Many thanks for sharing your gorgeous photos and stories of the people of Nepal. A handsome people, and that first girl is a stunning young beauty.


----------



## emydura (Apr 12, 2010)

nikv said:


> David,
> 
> Edited to add: I just now noticed in the school photo that all the boys are on the right and girls are on the left side of the photo. Is that normal to separate them?



I'm not sure about that. You would think so as it hardly seems random. There are a few boys on the left as there were no seats remaining on the right. I'll find out if that is normal. That was a great experience going to that school. The kids were so excited to see us.

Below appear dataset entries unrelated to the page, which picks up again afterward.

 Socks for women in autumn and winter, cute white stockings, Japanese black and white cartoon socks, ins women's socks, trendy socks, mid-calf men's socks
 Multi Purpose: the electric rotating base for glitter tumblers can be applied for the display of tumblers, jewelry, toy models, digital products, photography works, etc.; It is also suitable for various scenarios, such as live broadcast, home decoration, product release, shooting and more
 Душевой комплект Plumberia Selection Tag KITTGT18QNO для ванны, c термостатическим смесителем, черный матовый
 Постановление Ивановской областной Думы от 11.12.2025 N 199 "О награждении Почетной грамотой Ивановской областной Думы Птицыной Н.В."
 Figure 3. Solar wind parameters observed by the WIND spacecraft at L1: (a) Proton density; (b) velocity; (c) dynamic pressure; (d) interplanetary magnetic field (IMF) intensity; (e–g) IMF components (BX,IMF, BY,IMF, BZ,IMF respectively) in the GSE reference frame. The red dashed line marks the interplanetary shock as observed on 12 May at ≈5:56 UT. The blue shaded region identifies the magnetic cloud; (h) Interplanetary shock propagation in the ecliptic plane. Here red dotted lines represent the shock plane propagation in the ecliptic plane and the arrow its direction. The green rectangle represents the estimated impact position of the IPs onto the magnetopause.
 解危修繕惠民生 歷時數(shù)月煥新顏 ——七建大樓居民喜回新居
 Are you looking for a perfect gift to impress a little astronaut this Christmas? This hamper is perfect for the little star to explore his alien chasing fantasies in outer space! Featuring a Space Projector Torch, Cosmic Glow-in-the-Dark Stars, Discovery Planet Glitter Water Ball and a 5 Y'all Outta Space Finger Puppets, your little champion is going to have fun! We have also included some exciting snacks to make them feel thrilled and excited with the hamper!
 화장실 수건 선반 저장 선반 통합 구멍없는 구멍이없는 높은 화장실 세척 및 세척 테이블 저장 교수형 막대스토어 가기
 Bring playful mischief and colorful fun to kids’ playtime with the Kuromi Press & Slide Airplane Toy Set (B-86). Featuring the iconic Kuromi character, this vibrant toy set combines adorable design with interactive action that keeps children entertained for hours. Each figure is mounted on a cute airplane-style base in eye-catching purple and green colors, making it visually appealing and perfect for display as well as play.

We told them a bit about Australia and showed them on there map where we were from.

David


----------



## emydura (Apr 12, 2010)

KyushuCalanthe said:


> The first girl is beyond beautiful - those eyes say it all.



Yes, it left me breathless when I first saw it and still does. That is why I printed it out. She was washing dishes next to a tap late in the day so the light was nice and soft. I was actually photographing her bothers near her but I really wanted to photograph her as I could see how incredibly striking she was. I asked her could I take a photograph of her. Unlike the other kids she wasn't throwing her self at me but said yes just the same. I think this is why the expession on her face is so perfect - just totally natural. 

I didn't know a lot about what makes a good portrait photograph when taking these but I have read up a bit since. This one is bit by the textbook. Shoulder leaning forward, head looking over the shoulder, head slightly tilted so one eye is higher than the other. All this combined with an exquisite look. I like the hair running over the eye, nose and mouth as well. The 2nd photo of the young boy is similar and another one I really like.

David


----------



## Yoyo_Jo (Apr 12, 2010)

Beautiful photographs. And I agree with the others, worthy of National Geographic :clap:


----------



## Leo Schordje (Apr 13, 2010)

Really beautiful photos David. Thank you. I love the changes in the way the women dress (esp. necklaces & facial jewelry) as you walked from one village to another.


----------



## Clark (Apr 13, 2010)

Your photos are amazing!


----------



## Scooby5757 (Apr 13, 2010)

Great photos! I enjoyed them so much last night i shared them with friends working at studio last night. Everyone loved them and enjoyed the window to Nepal. Excellent work! :clap:

(Everyone noted there was no marijuana growing next to our classroom/building)


----------



## SlipperFan (Apr 13, 2010)

Beautiful faces captured so naturally. That's not easy to do. Thanks for sharing these!


----------



## JeanLux (Apr 17, 2010)

Superb pics, and, as Dot stated, so natural!!!! It was really an excellent complement of your landscape photos!!!! As some others, if I had to look for favs., I would take the last and the first, but all are... Jean


----------